Fresh from Imperial’s passable thumper Angel Town (1990), Gruner is Alex Rain: a burnt out, cybernetically enhanced cop coerced into one final assignment by his superiors (performed with great comic book pomp by cult heroes Brion James and Tim Thomerson). Rain’s mission is to take out an old acquaintance turned snitch who plans to thwart a summit meeting along with her gaggle of techno terrorists or something – but Nemesis‘ convoluted plot barely matters, so forget it. Pyun sure does! Juggling nods to everything from Escape From New York (1981) to Philip K. Dick, Nemesis’ script (which is credited to the mysterious ‘Rebecca Charles’ – in actuality a pseudonymous Pyun) is a fun sci-fi patchwork but it’s no more than a threadbare way for Pyun to link a procession of blistering, bullet-soaked set pieces. 

A master of mayhem, the helmer’s balletic orchestration of Nemesis‘ crazed scenes of gun-play and kamikaze stunt work is pure raucous poetry. Cribbing from John Woo and preempting The Matrix (1999), they’re striking, ballsy and fabulously over the top. The clip is dizzying, and Pyun’s unwavering commitment to crowd-pleasing spectacle is the driving force of Nemesis‘ two and three as well.

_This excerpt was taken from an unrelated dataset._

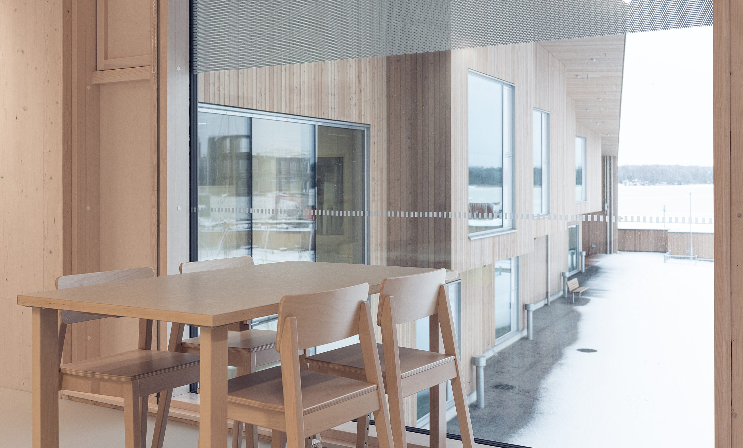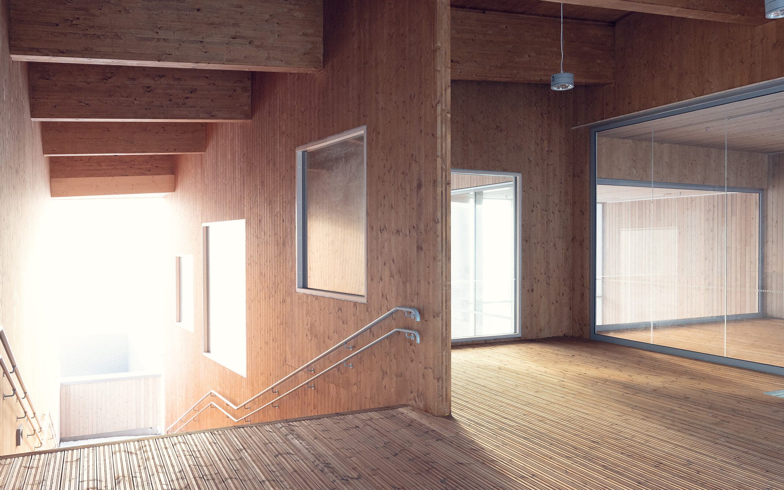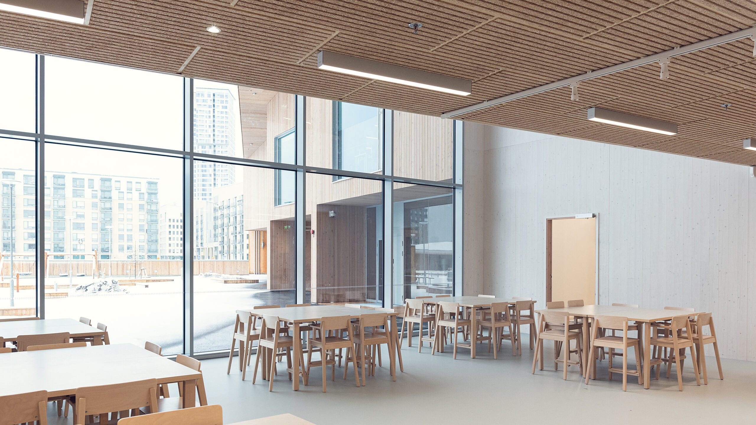 Rakennuksen syliin muodostuu salin ja ruokailutilojen muodostama tilasarja, johon on sujuva yhteys viereisistä toiminta-alueista. Sisätiloissa on runsaasti sisäikkunoita ja lasiseiniä ja tilojen välille avautuu mielenkiintoisia sisänäkymiä.

Of course, the sequels’ complete switch in story and aesthetic will likely startle the unprepared. There’s a few crossover touches to appease the devout (such as the return of Thomerson’s Farnsworth in 3) but it’s those who approach 1995’s NEMESIS 2: NEBULA and 1996’s NEMESIS 3: TIME LAPSE as what they are – franchise restarts – that’ll be more richly rewarded. Gone, for instance, is the cyberpunk milieu of the original. Instead, Pyun defaults back to a Cyborg-like desert-cum-wasteland (which, obviously, is much easier to realise on a drastically reduced budget). The eminently watchable Gruner is also absent, his version of Alex now replaced by bodybuilder Sue Price. And though her delivery is strained even by the occasionally stony Gallic grappler’s standards, Price’s re-interpretation of the character (despite Nebula‘s opening expository mumbo-jumbo trying to claim otherwise; apparently, the two namesakes are supposedly completely unrelated) is every bit as perpetually fascinating and as surprisingly soulful as Gruner’s.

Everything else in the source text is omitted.